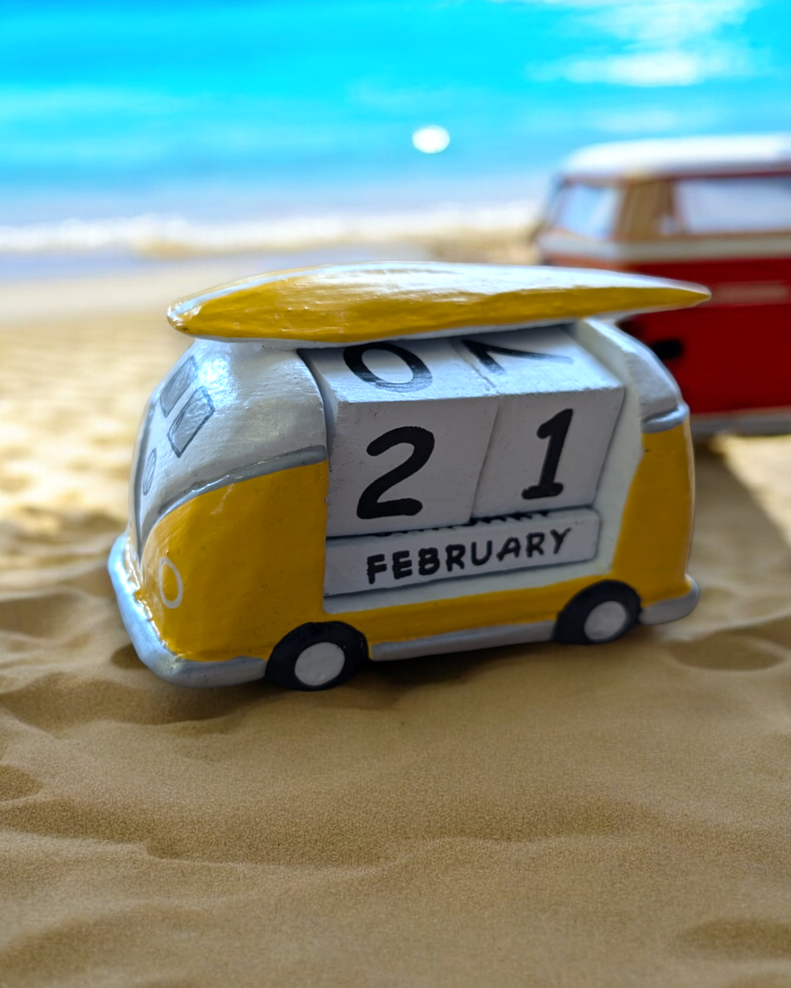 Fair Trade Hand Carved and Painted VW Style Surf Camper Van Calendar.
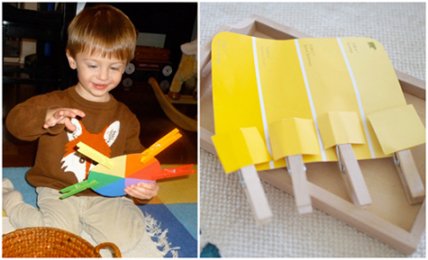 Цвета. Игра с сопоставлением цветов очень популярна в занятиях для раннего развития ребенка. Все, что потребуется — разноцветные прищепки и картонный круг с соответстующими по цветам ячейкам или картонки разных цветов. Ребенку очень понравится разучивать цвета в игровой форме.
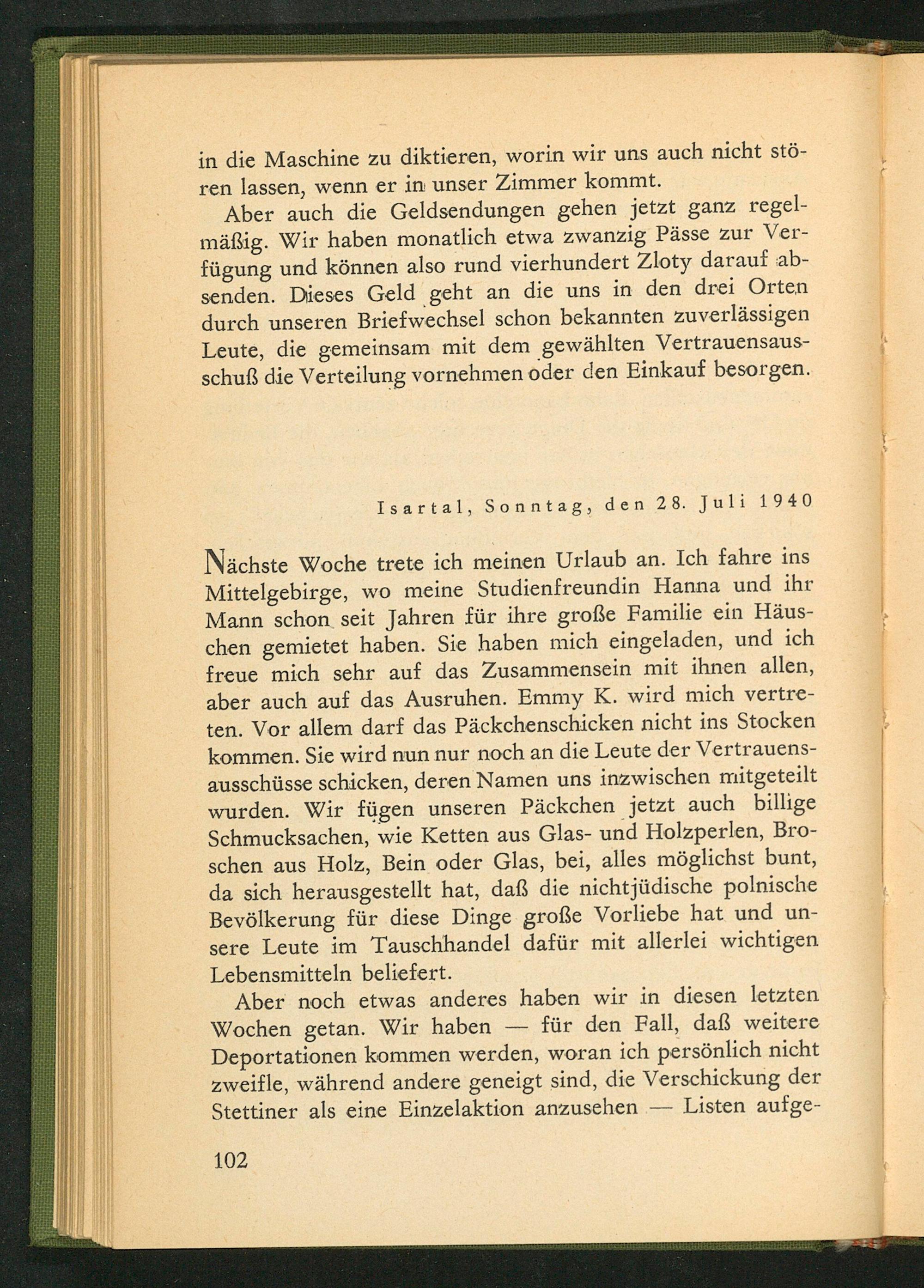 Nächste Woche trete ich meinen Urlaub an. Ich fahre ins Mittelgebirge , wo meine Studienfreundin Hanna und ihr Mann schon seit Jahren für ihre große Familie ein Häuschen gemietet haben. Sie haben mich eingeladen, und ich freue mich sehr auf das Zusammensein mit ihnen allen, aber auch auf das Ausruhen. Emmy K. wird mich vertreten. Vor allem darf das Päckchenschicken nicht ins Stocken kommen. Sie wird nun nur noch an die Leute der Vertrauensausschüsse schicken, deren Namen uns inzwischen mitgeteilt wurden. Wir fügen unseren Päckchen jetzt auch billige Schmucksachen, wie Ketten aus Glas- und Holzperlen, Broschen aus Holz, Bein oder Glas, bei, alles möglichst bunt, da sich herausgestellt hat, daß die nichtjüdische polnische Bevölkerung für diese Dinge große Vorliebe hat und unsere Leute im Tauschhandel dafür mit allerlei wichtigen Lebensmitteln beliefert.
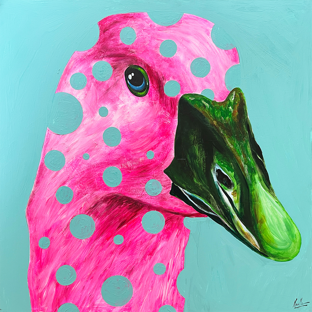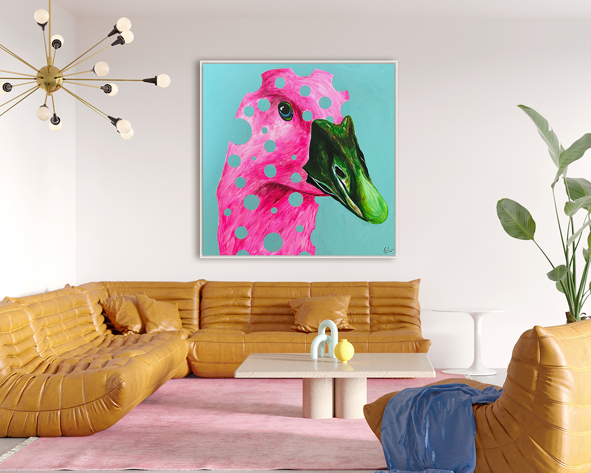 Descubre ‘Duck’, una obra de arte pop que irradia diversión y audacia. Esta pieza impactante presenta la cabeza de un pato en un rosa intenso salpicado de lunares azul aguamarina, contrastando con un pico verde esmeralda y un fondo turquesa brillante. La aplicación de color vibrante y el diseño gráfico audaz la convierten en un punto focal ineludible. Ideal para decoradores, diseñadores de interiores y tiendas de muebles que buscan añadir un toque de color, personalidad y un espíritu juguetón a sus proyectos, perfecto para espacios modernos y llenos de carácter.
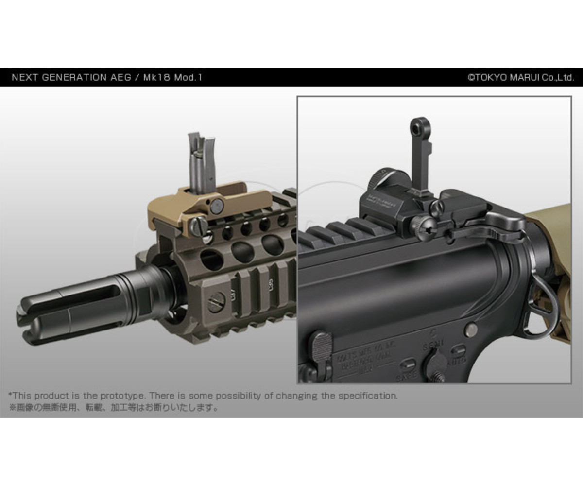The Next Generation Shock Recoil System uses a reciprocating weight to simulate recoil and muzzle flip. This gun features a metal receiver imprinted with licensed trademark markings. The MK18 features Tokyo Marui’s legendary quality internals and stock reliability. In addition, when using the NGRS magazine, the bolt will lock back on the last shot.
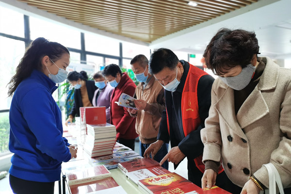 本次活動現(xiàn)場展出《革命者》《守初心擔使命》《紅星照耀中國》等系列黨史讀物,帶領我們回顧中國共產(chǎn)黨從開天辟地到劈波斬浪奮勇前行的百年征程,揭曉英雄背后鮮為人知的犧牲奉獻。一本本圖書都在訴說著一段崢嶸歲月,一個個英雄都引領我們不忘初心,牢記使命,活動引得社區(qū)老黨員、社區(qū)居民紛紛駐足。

> EXERCISE: Please transcribe every record above exactly as written, leaving out the pictures.

> OUTPUT FOR THIS EXERCISE:
 Fair Trade Hand Carved and Painted VW Style Surf Camper Van Calendar.
 Цвета. Игра с сопоставлением цветов очень популярна в занятиях для раннего развития ребенка. Все, что потребуется — разноцветные прищепки и картонный круг с соответстующими по цветам ячейкам или картонки разных цветов. Ребенку очень понравится разучивать цвета в игровой форме.
 Nächste Woche trete ich meinen Urlaub an. Ich fahre ins Mittelgebirge , wo meine Studienfreundin Hanna und ihr Mann schon seit Jahren für ihre große Familie ein Häuschen gemietet haben. Sie haben mich eingeladen, und ich freue mich sehr auf das Zusammensein mit ihnen allen, aber auch auf das Ausruhen. Emmy K. wird mich vertreten. Vor allem darf das Päckchenschicken nicht ins Stocken kommen. Sie wird nun nur noch an die Leute der Vertrauensausschüsse schicken, deren Namen uns inzwischen mitgeteilt wurden. Wir fügen unseren Päckchen jetzt auch billige Schmucksachen, wie Ketten aus Glas- und Holzperlen, Broschen aus Holz, Bein oder Glas, bei, alles möglichst bunt, da sich herausgestellt hat, daß die nichtjüdische polnische Bevölkerung für diese Dinge große Vorliebe hat und unsere Leute im Tauschhandel dafür mit allerlei wichtigen Lebensmitteln beliefert.
 Descubre ‘Duck’, una obra de arte pop que irradia diversión y audacia. Esta pieza impactante presenta la cabeza de un pato en un rosa intenso salpicado de lunares azul aguamarina, contrastando con un pico verde esmeralda y un fondo turquesa brillante. La aplicación de color vibrante y el diseño gráfico audaz la convierten en un punto focal ineludible. Ideal para decoradores, diseñadores de interiores y tiendas de muebles que buscan añadir un toque de color, personalidad y un espíritu juguetón a sus proyectos, perfecto para espacios modernos y llenos de carácter.
The Next Generation Shock Recoil System uses a reciprocating weight to simulate recoil and muzzle flip. This gun features a metal receiver imprinted with licensed trademark markings. The MK18 features Tokyo Marui’s legendary quality internals and stock reliability. In addition, when using the NGRS magazine, the bolt will lock back on the last shot.
 本次活動現(xiàn)場展出《革命者》《守初心擔使命》《紅星照耀中國》等系列黨史讀物,帶領我們回顧中國共產(chǎn)黨從開天辟地到劈波斬浪奮勇前行的百年征程,揭曉英雄背后鮮為人知的犧牲奉獻。一本本圖書都在訴說著一段崢嶸歲月,一個個英雄都引領我們不忘初心,牢記使命,活動引得社區(qū)老黨員、社區(qū)居民紛紛駐足。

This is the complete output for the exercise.